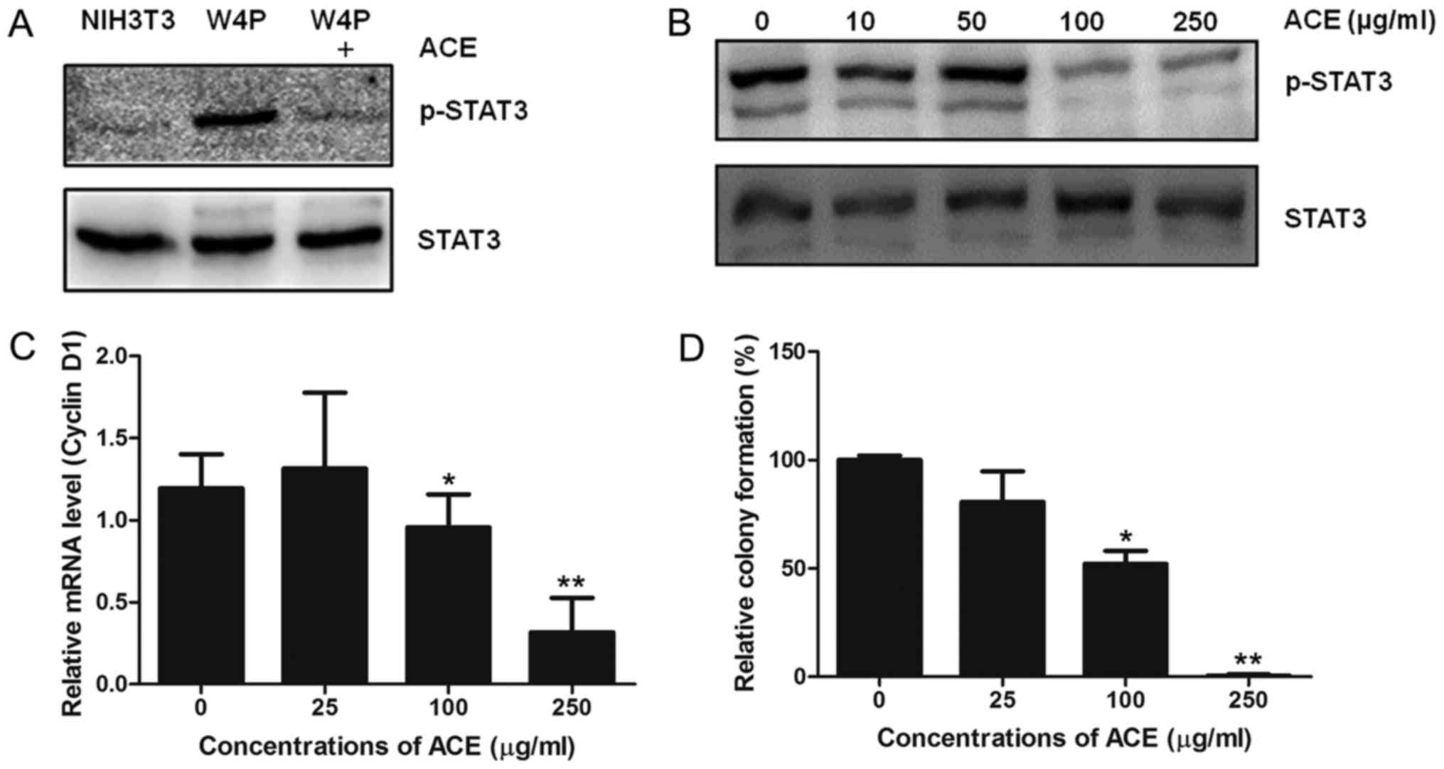 In our previous study, we showed that male-specific W4P mutant HBV LHB drives HCC tumorigenesis by activating the IL-6/STAT3 signaling pathway (4). Thus, we evaluated whether ACE suppresses the STAT3 activation induced by W4P LHB. NIH3T3 cells stably expressing W4P LHB (NIH3T3-W4P) showed strong STAT3 phosphorylation compared to control NIH3T3 cells and the phosphorylation was decreased by ACE (Fig. 4A). The activity of ACE was dose-dependent and 100 µg/ml of ACE was sufficient to lower the phosphorylation to significant extent (Fig. 4B). In line with the results, cyclin D1 mRNA level of NIH3T3-W4P was also decreased in a dose-dependent manner by ACE treatment, further confirming that ACE suppresses the transcriptional activity of STAT3 (Fig. 4C). It has been shown that W4P LHB confers in vitro colony forming ability and in vivo tumor forming capability in nude mice to NIH3T3 cells by activating the STAT3 signaling pathway (4). Since ACE suppresses STAT3 activation in NIH3T3-W4P cells, we evaluated whether ACE suppresses the colony-forming capability of NIH3T3-W4P cells. As shown in Fig. 4D, ACE treatment decreased the number of colonies in a dose-dependent manner, and 250 µg/ml of ACE almost completely abolished the colony-forming ability of NIH3T3-W4P cells. These results suggest that ACE is capable of suppressing tumorigenesis induced by HBV mutations and subsequent inflammatory responses including STAT3 activation in addition to HCC cell proliferation.
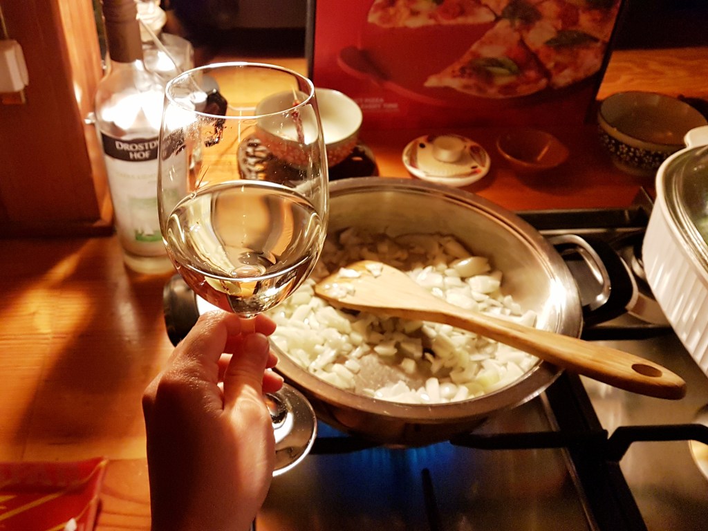 Preheat the oven to 180 degrees Celsius. Then get the process going with a glass of white wine. While you’re sipping, slowly sauté the onions and garlic in coconut oil, using a deep saucepan.
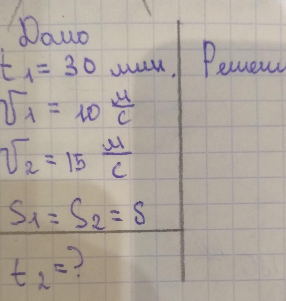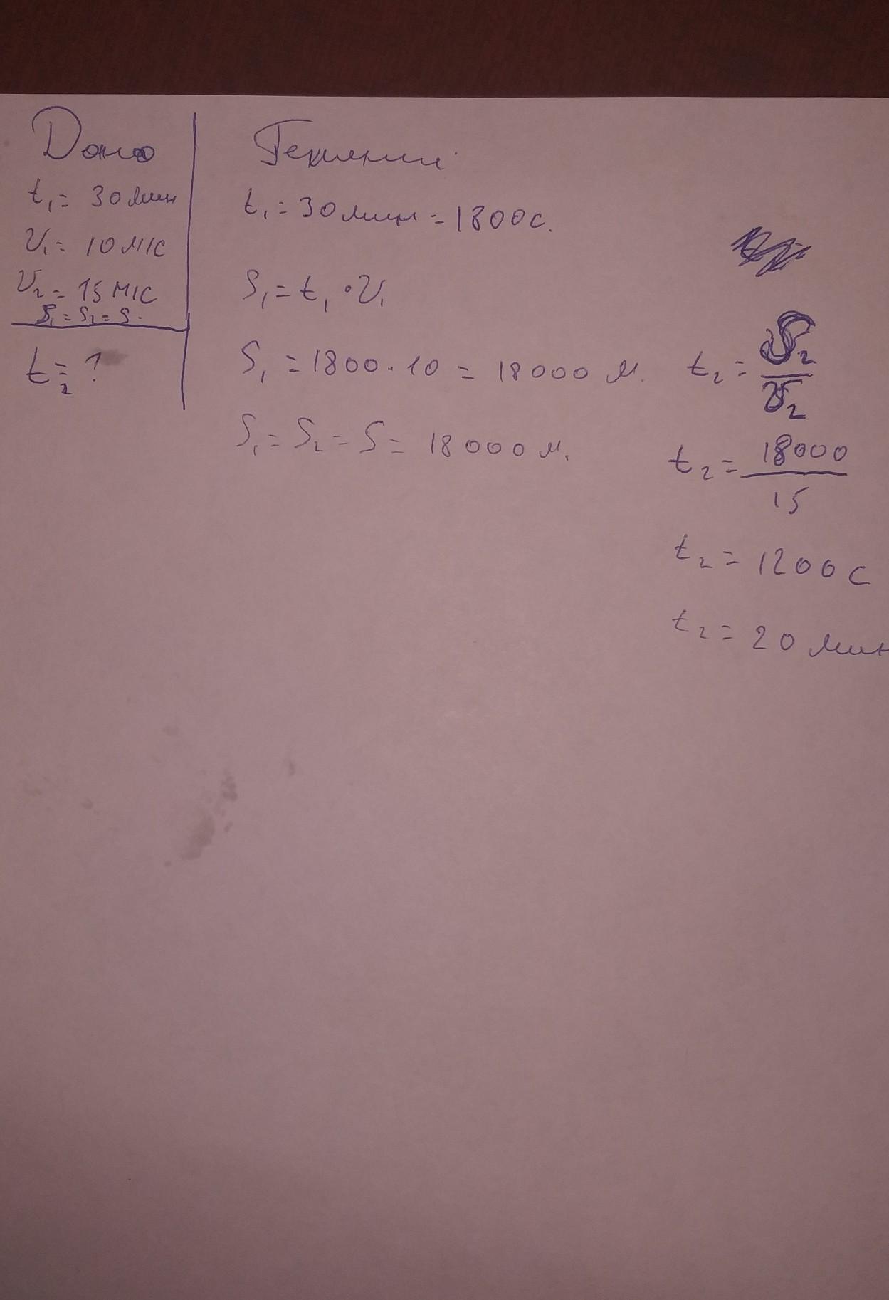 Далее, т.к. S общая, находим t2 : t2 = S/v2 =18000 / 15 = 1200 (ceк) что равно 20 минутам
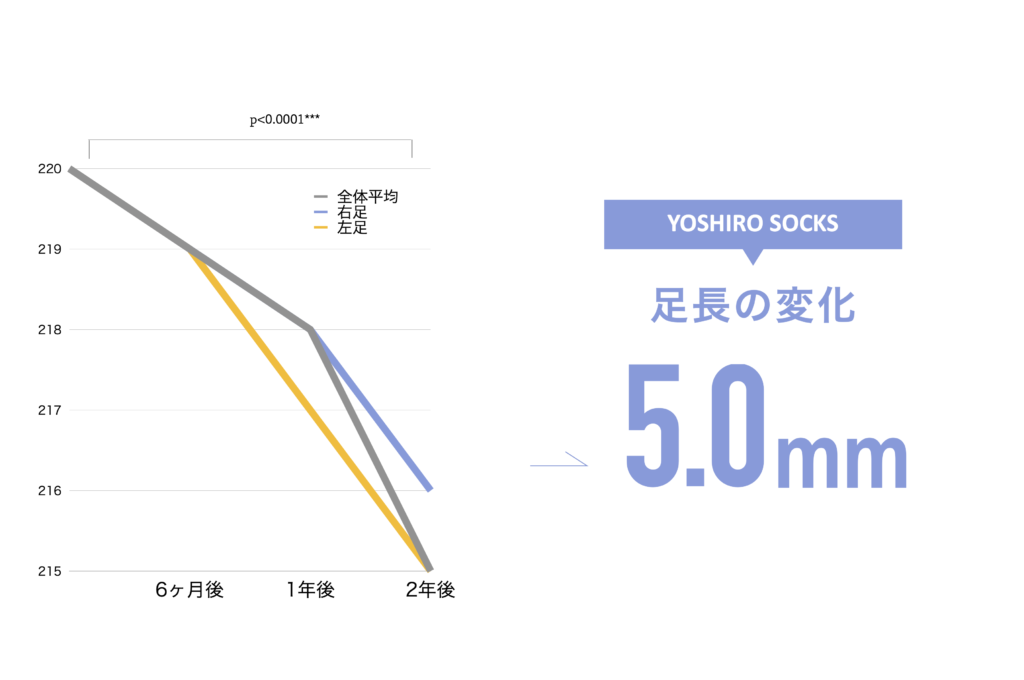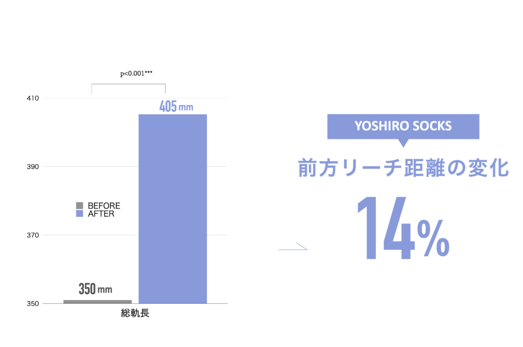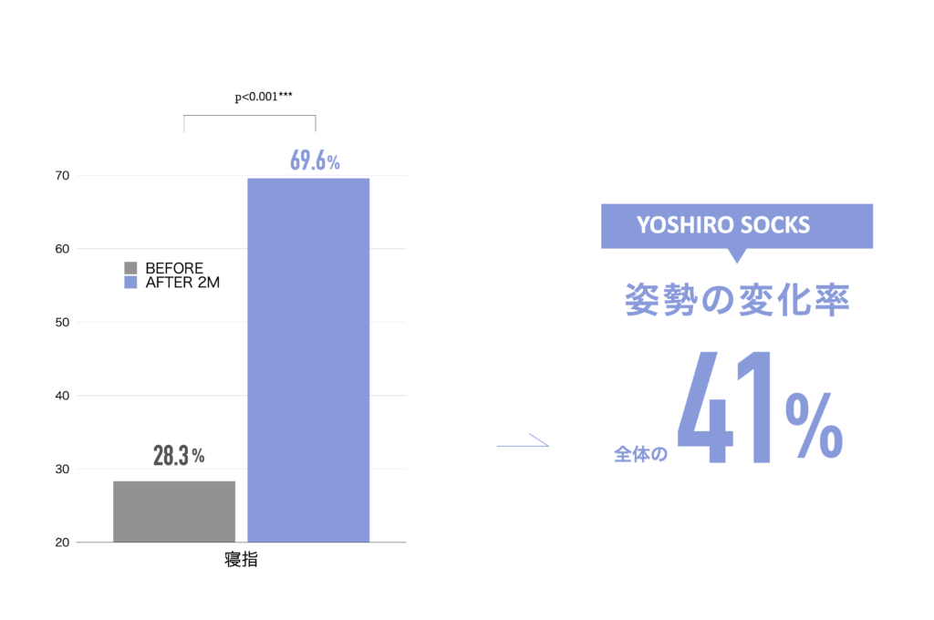 YOSHIRO SOCKSは、関節にかかる負担の変化に関して、データ上で一定の傾向が示されています。足指を広げて伸ばし、足裏からの感覚入力を得やすい状態をつくることで、姿勢の安定性や体全体のバランスに変化が生じる可能性があります。その結果、関節への不要な負担のかかり方に変化がみられ、膝や腰まわりの違和感の感じ方に影響を与える可能性が示唆されます。

----------------------------------------

**What this task involves:** Leaving every picture out, write out exactly the lines from the one that holds "Далее, т.к. S" through the end of the listing, both included.

**Result of this exercise:**
 Далее, т.к. S общая, находим t2 : t2 = S/v2 =18000 / 15 = 1200 (ceк) что равно 20 минутам
 YOSHIRO SOCKSは、関節にかかる負担の変化に関して、データ上で一定の傾向が示されています。足指を広げて伸ばし、足裏からの感覚入力を得やすい状態をつくることで、姿勢の安定性や体全体のバランスに変化が生じる可能性があります。その結果、関節への不要な負担のかかり方に変化がみられ、膝や腰まわりの違和感の感じ方に影響を与える可能性が示唆されます。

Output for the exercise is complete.